Picked up a few more then cast into a nice eddy and got smashed, once, twice, thrice! Hooks held and I started the challenge of bringing in a fat fish that knew how to use the current whilst trying not to get swept downstream myself. I ended up holding a vine, letting go and winding, then holding on to the vine again etc. Managed to net him and being an enivronet, the hooks promtly fell out of it's mouth. So now I have a nice fish in the net balanced on the spraydeck, my rod sitting on the spraydeck and resting on the front rod holder, my paddle resting across the deck and I'm being pushed downstream. I want to get a photo of this nice fish so i have to paddle across the creek, eddy out and try and get out of the yak without losing anything. I managed it and she went 36cm and fat as!

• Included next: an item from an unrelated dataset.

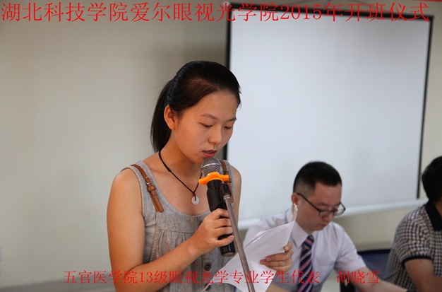 从我们正式搬迁入住江南JNSport体育爱尔眼视光学院的那一刻开始,我们才真正领悟了我们作为“湖科人”和“爱尔人”的双重亲情。因为,在这里,我们时刻享受着来自学院领导的关心和厚爱,也有来自咸宁爱尔和集团领导的关怀与温暖。这里住宿环境优良,教室现代化设施一应俱全,实验室设备齐全。想象着我们将在这里进行学习和生活,心里是满满的喜悦。这些都与学院领导和老师们一直以来的默默工作,无私奉献分不开,他们都在想尽一切办法,努力为我们营造优越的学习环境,创造良好的学习条件。值此开班仪式之际,请允许我代表全体13眼视光全体同学,向来到爱尔医院参加开班仪式的领导说声:您辛苦了!向辛勤哺育、谆谆教诲我们成长的老师们说声:谢谢您,老师!向一直默默奉献,随时为我们解决困难的爱尔集团领导和工作人员说声:感谢你们。
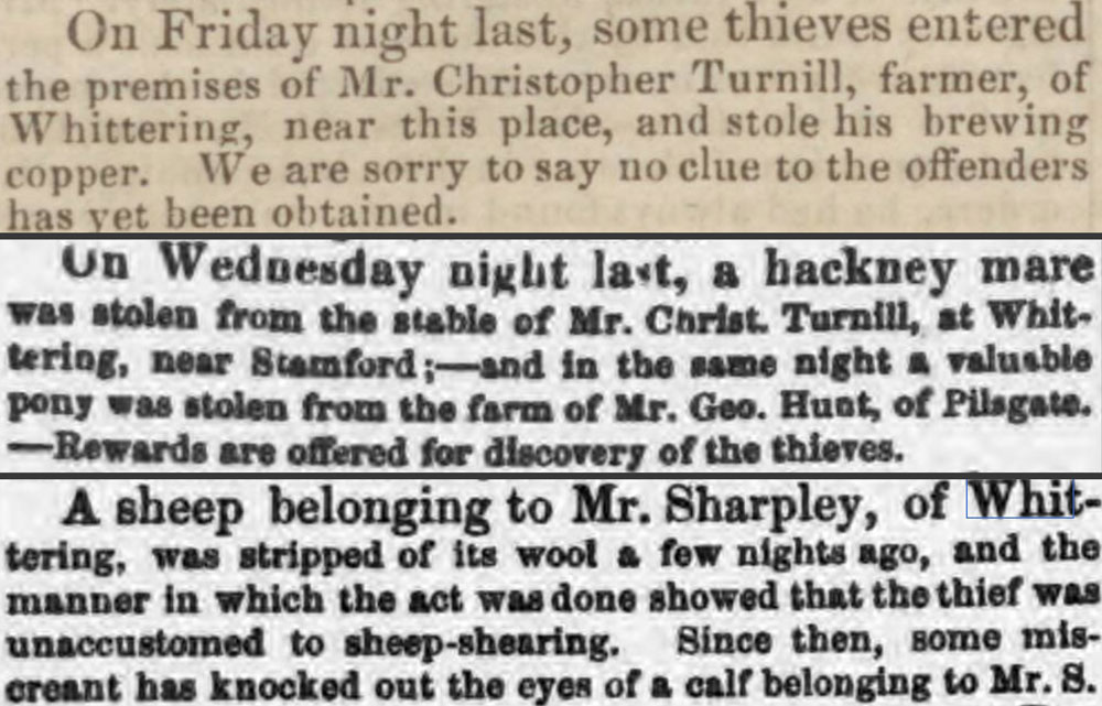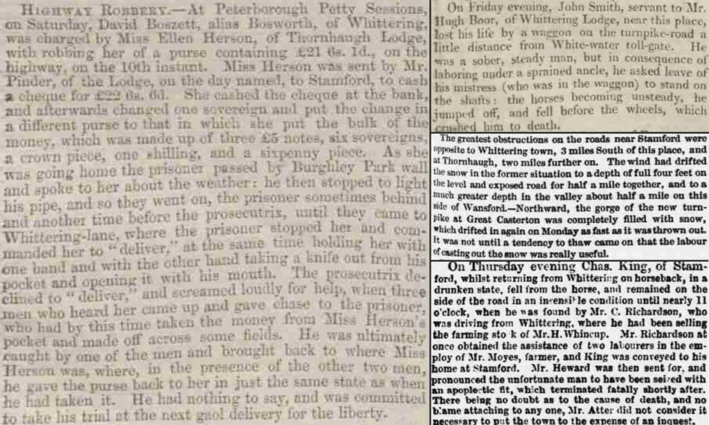 Readership is another consideration. It’s important to remember news wasn’t necessarily being reported for the sake of the residents of Wittering. While local newspapers such as the Stamford Mercury would report on local issues for the local area, there would probably be many aspects of everyday village life that would be considered too mundane to be offered regular column inches. It’s possible only the more dramatic happenings of the village were being reported, so we should bear in mind that these stories are kept in context rather than assuming they formed the meat and bones of everyday life!

Eddy to the left where I caught it.









Paddled back up, past the car and a bit more upstream managing another few small JP. No barra or Jacks for the day though.


----------



## Rstanek (Nov 5, 2007)

Great report JF, that scond last shot is fantastic!


----------



## Marty75 (Oct 23, 2007)

What a beautiful fish and also a magic spot!

I once drove through the Atherton tablelands, very lush indeed.

Nice work Junglefisher.

Marty


----------



## Shufoy (May 28, 2008)

Amazing fishing mate!

Certainly have nothing like that here in Perth...

Great photo's too!


----------



## Junglefisher (Jun 2, 2008)

Hard to believe that it's suburban eh?


----------



## radar (Nov 4, 2007)

Damm nice looking fish craig, the scale patterns are amazing . Bad luck on the Barra prob all washed to P.N.G by now :lol: Cheers radar.


----------



## Imaddictedtofishing (Nov 28, 2007)

Wow nice looking fish. Are there crocs in there? Coz im going for a holidays up to cairns in july and we are spending 1 week near the reef and 1 week in the rainforest.


----------



## sunshiner (Feb 22, 2006)

G'day Craig

It's so good to see that the junglies are thriving. I first fished for them between Townsville and Cairns in the early 1970s. Like you, I used to wade/clamber up the small streams. Got some beautiful fish in some spectacular settings. Thanks for reminding me, although the memories are never far from the surface.


----------



## Junglefisher (Jun 2, 2008)

Matt... tough question. Would it be a good enough answer to say that no one has reported a croc in there in recent times? Anywhere on the coastal plains there is a chance of crocs so anywhere where you get JP, Jacks or natural Barra, you keep your eyes open. With thr floods just going back down and the water murky I was more cautious than usual and just after I exited the water there was a huge upwelling of mud and muck in a deeper part of the river. Several people saw it and the consensus was that a ball of marsh gas had burst on the bottom of the river. Made me sit up and take notice though!
In July you may be better off targetting the larger rivers for JP but it may be too cold even there.
Sunshiner, glad to have made you smile. Unfortunately some of the best places are impossible to get a yak in although I'm considering a small inflatable. I tried to take my yak to the upper reaches of the Russel a while back and spent most of my time dragging it over boulders rather than paddling it. Will go back there sans yak soon though.


----------



## mcbigg (Jul 14, 2007)

They're a cool looking fish that we don't often see.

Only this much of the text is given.